With that final exclamation, Shem grabbed Bolg by the wrist and led him away. Bolg shuffled along, closing his cloak with his free hand, looking forlornly at the dead man.

Frank

Frank sat in the coffee shop. He wore his favourite baseball cap. His only baseball cap. Frank wore his favourite jeans. His only jeans. Frank wore his favourite sneakers. His only sneakers. The soles were almost worn through, but they were comfortable and they did a fine job of keeping the cold at bay. Frank had a cup of coffee in front of him, untouched. Every sip that Frank took was one sip closer to leaving, and Frank wasn’t ready to leave. He stared off into the distance. He enjoyed the clatter of cutlery, the voices of happy people, the warmth, the busyness. He enjoyed the normality of it all. He basked in it.

Frank stared now at the empty coffee cup. The bill lay next to it. Four round figures separated by a full stop. A little bit of sadness chewed at the corners of his reality. He slid his coins into the bill folder and stood up to leave.

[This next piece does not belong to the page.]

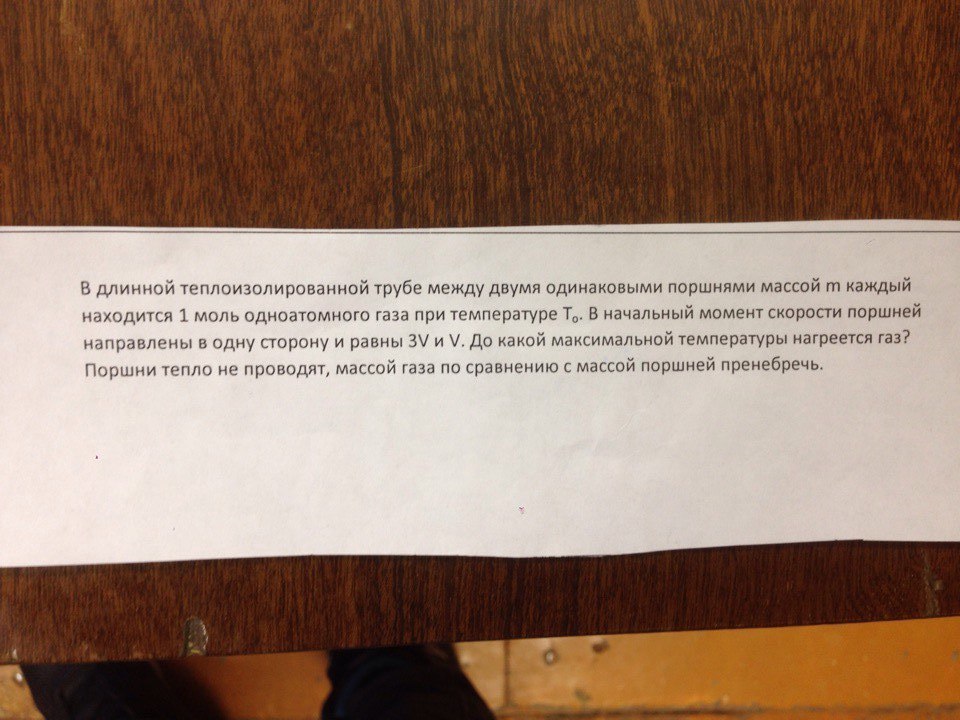 Т к по условию задачи стенки и поршни теплонепроницаемы, то Q=0 и
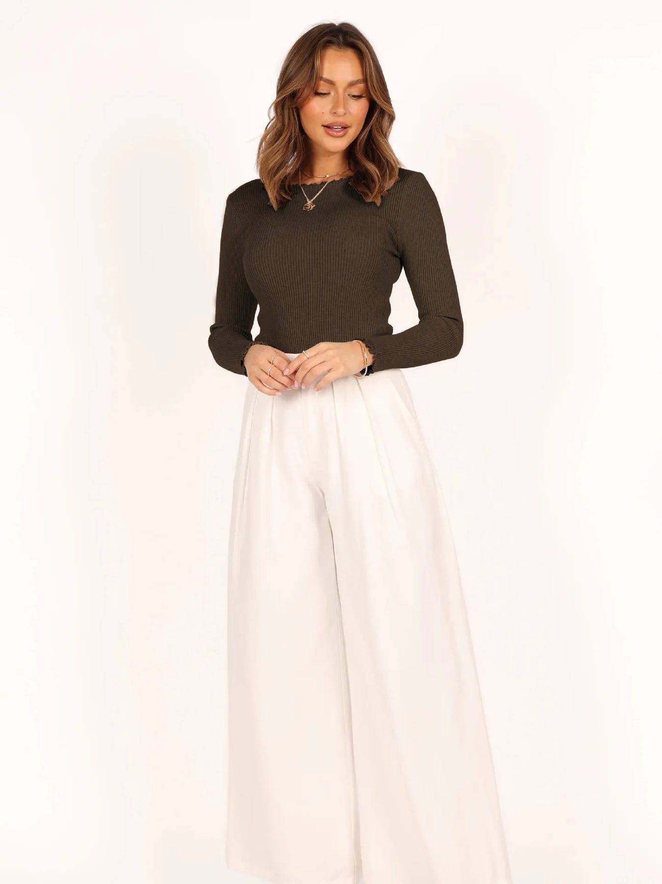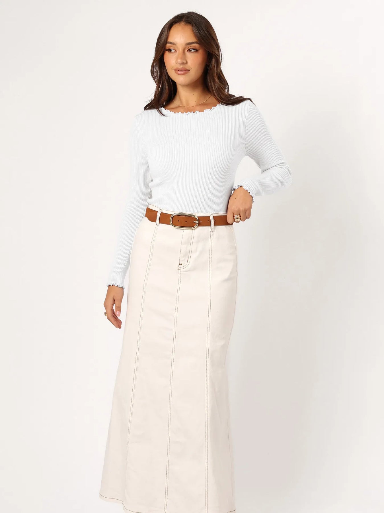 Dieses langärmelige Oberteil mit Rundhalsausschnitt ist eng anliegend und aus geripptem Stoff gefertigt, der die Figur schlank macht und den ganzen Tag über Komfort bietet. Sein vielseitiger Stil macht es zu einem unverzichtbaren Basic, das sich mit Hosen, Röcken oder Maßanzügen kombinieren lässt. Elegant und funktionell, eignet es sich sowohl für legere als auch für formellere Anlässe.

Frank stood on the pier. The ocean churned around him, but he was oblivious. He was lost in thought. Happier times when a Sunday morning coffee at a cafe was an every weekend occurrence. He remembered the face of the woman he had once loved. In his daydream, she smiled at him, she still loved him. He blinked and reality came back. He bent over painfully and picked up his small, battered rucksack. He zipped it open and took stock of his possessions. He zipped it closed and tossed it into the ocean. He closed his eyes and thought of her again. Her laughter, her voice. He let the sadness wash over.

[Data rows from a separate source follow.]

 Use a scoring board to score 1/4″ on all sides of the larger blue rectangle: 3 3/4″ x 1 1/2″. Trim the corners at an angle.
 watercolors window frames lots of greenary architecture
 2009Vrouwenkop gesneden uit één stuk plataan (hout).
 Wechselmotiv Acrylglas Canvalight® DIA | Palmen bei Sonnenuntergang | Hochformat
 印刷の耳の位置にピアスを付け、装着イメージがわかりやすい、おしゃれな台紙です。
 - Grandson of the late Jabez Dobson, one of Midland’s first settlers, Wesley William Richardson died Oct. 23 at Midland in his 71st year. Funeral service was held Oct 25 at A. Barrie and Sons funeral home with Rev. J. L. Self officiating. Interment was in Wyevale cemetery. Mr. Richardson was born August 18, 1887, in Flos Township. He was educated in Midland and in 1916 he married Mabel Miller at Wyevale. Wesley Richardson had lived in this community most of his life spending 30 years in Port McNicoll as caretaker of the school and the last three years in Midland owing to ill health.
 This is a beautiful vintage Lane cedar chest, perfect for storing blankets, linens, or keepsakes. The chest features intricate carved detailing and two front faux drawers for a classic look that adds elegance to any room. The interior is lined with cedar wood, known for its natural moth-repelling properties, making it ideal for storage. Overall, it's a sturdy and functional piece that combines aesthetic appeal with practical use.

Frank watched the sunlight, flickering, dancing. It was peaceful beneath the waves. He closed his eyes and let the water fill him.

Frank sank beneath the waves. His favourite baseball cap was gone. His only baseball cap, gone. Frank wore his favourite jeans. His only jeans, soaked. Frank wore his favourite sneakers. His only sneakers. They were doing a terrible job of holding the cold at bay. But it didn’t matter to Frank anymore. Nothing mattered.